The solution goes beyond the current set of deep linking technologies, which only work successfully when users have the app already installed; with Branch Metrics’ solution, it’s able to direct users to the right place within an app even if the app was not installed when the link was first clicked.

App developers and marketers will quickly understand the benefit to the technology Branch Metrics has developed – and so did investors, it seems – the company ended up having their pick of VCs to work with, and chose NEA after getting a term sheet in just three days.

Others participating in the funding include Mar Hershenson (Pejman Mar Ventures), Ben Narasin (TriplePoint Capital), and other angels. NEA’s Scott Sandell and Forest Baskett will be working with Branch Metrics going forward, as will Hershenson.

From Photo Books To Deep Links

Branch Metrics originally begin its life as Kindred Prints, an app that allows you to print and ship custom photo books from your phone.

Founded by three Stanford grad students Alex Austin, Mike Molinet, and Mada Seghete in June 2013, the app was fairly popular – Apple ended up featuring it in the App Store several times, in fact. But the team kept encountering problems that prevented it from growing further, explains Austin, CEO at Branch Metrics.

“There were a couple of things that were completely broken with the mobile ecosystem,” he says. “Sharing and referrals were the two pieces we struggled with.”

team

Austin explains that, as a mobile-first company, Kindred wanted to create a URL that users could share with others or reference later which would point to the content they created with the Kindred Prints app.

On mobile, that doesn’t actually work, he says. Developers could either build out a web app to complement their mobile software and point users there when clicked, or they could use traditional deep link technology to point to a specific page within the app.

Today’s smart deep links can detect what device you’re using (desktop or mobile), or whether you have the app installed on your phone, in order to direct you appropriately.

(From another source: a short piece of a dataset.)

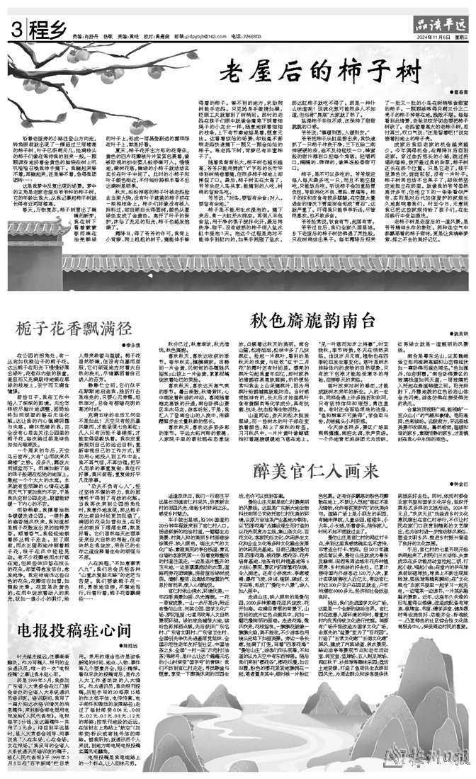 老柿子树是老屋后的一道风景,是爷爷精神永存的象征。那种连空气中都飘荡着的柿子甜味,更是让我魂牵梦萦、挥之不去的美好记忆。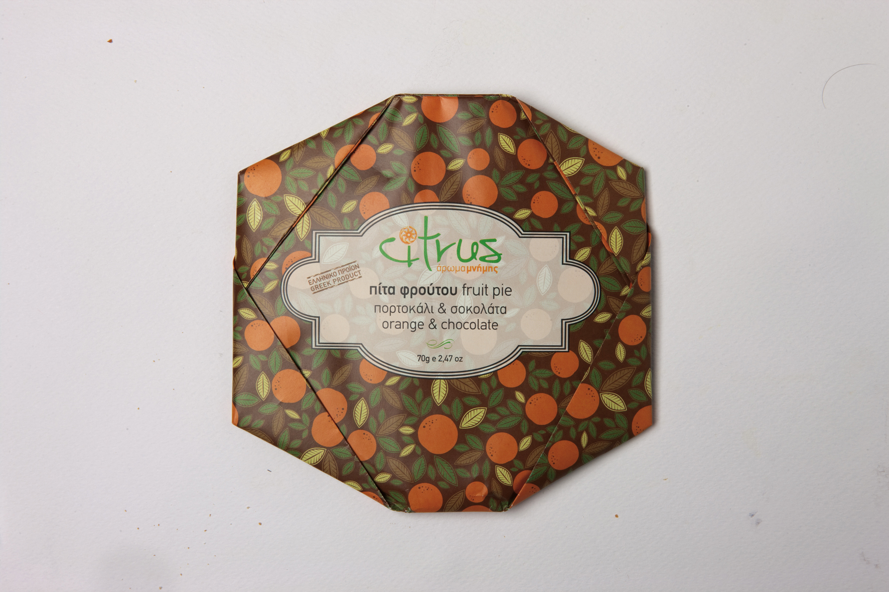 Πίτα φρούτου που θυµίζει χαλβαδόπιτα. Η λεπτή εξωτερική βάφλα περικλείει στο εσωτερικό της πάστα από αποξηραµένο πορτοκάλι, ξηρούς καρπούς και σοκολάτα. Πρακτικό στη µεταφορά, €1,45/70 γρ.

But the problem is that mobile deep links only really work if the other user already has the app installed on their phone, too. If they don’t, deep links just direct the person who clicked the link to download the app from the App Store or Google Play. Unfortunately, once they do, the context of what they intended to view gets lost. A user may have shared “view my photobook!,” but after their friends install the app and launch it, they end up just staring at a sign-up screen. Even if they get through the sign-up process, they have to go seek out the shared content anew.

Branch Metrics changes that.

HowItWorks

How Branch Metrics’ Links Work

“The fact that we couldn’t link to content inside of our app without building a whole website infrastructure was just mind-blowing,” says Austin.

That’s how the team came up with the idea to make a more intelligent deep link, which keeps users flowing through apps in a way that’s similar to how the web works, rather than the isolated, siloed software that mobile apps – until recently – had become.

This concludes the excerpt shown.